◆ **What you need to do**
Output the lines of the records below exactly, beginning at their first line and ending at the line with "봄과 가을 새로운 스타일"; include no pictures.

[Data records — start]

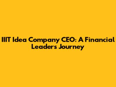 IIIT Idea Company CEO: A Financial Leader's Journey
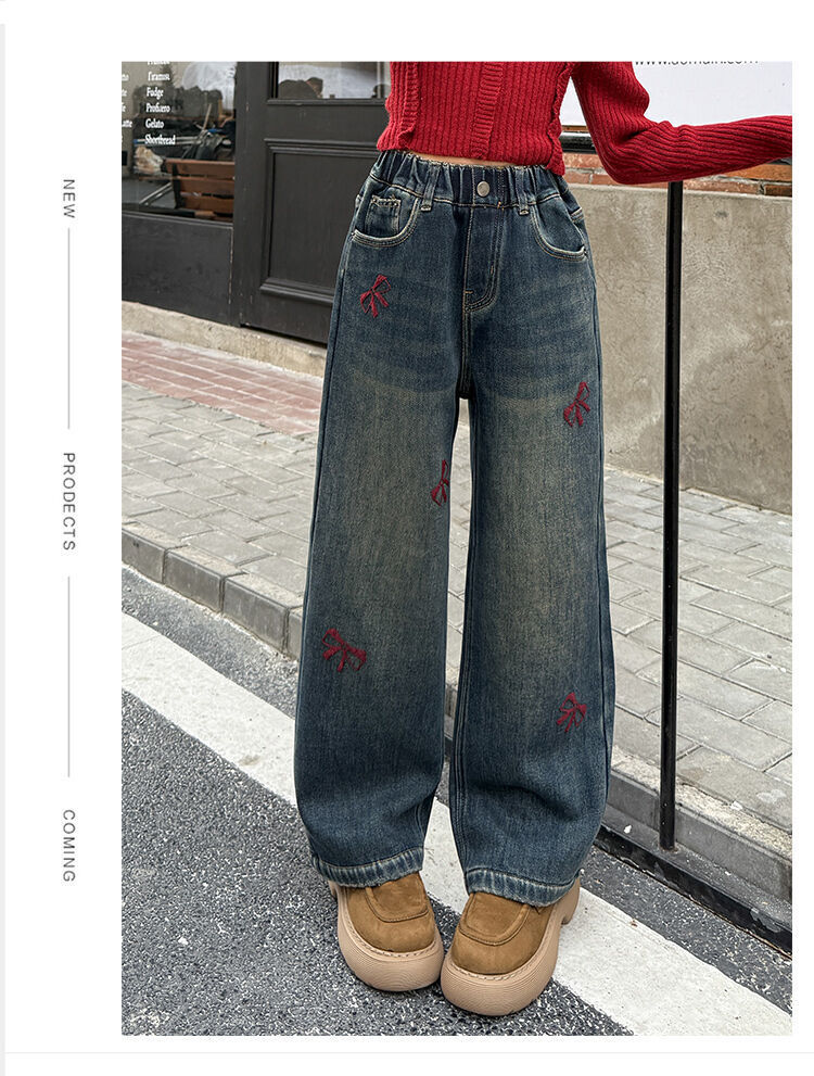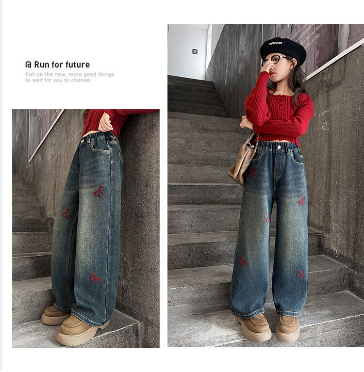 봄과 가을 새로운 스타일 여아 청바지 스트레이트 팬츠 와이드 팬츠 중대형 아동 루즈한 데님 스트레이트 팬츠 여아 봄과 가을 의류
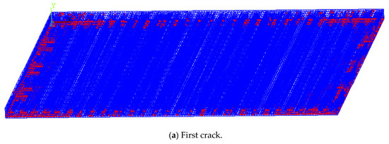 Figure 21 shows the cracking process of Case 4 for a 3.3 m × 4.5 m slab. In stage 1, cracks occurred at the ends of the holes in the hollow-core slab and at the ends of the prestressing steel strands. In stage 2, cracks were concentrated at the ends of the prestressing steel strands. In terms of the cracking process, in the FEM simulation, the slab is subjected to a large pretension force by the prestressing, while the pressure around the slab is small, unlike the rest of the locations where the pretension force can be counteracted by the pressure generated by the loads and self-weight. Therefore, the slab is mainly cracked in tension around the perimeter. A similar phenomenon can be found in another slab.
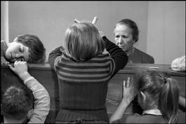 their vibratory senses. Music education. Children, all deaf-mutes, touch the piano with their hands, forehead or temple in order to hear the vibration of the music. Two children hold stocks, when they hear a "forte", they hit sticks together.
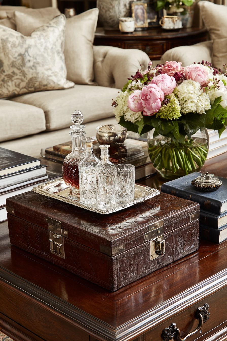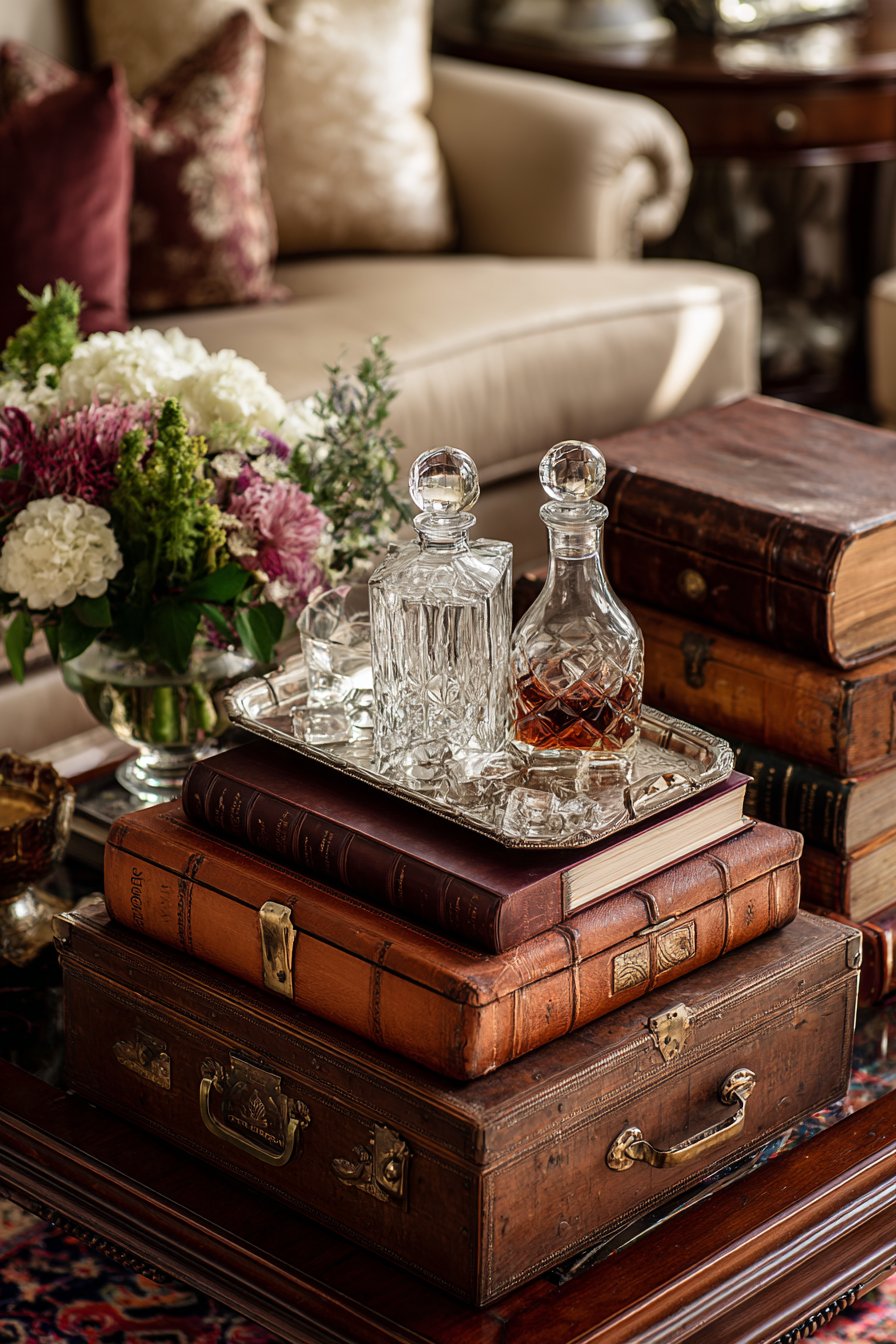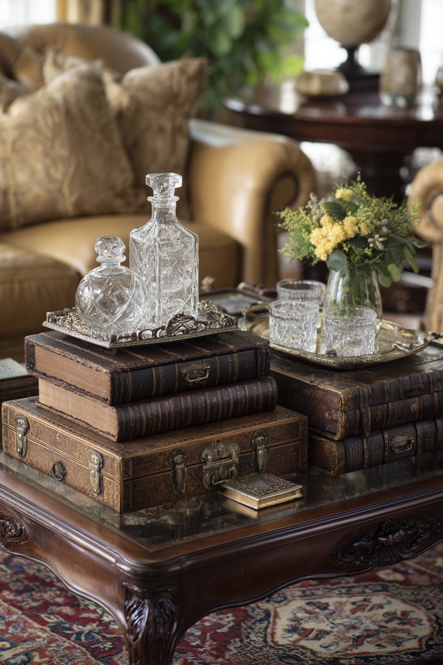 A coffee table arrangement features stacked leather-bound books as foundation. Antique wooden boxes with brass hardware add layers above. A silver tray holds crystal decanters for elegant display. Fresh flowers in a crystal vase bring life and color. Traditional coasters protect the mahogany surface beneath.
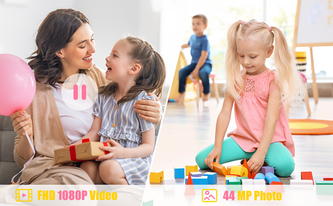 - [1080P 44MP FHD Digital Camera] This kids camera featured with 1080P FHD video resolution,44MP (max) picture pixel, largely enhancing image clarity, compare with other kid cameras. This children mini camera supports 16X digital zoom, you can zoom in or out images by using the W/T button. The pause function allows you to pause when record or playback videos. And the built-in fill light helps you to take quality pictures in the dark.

[Data records — finish]

◆ **Task answer**
 IIIT Idea Company CEO: A Financial Leader's Journey
 봄과 가을 새로운 스타일 여아 청바지 스트레이트 팬츠 와이드 팬츠 중대형 아동 루즈한 데님 스트레이트 팬츠 여아 봄과 가을 의류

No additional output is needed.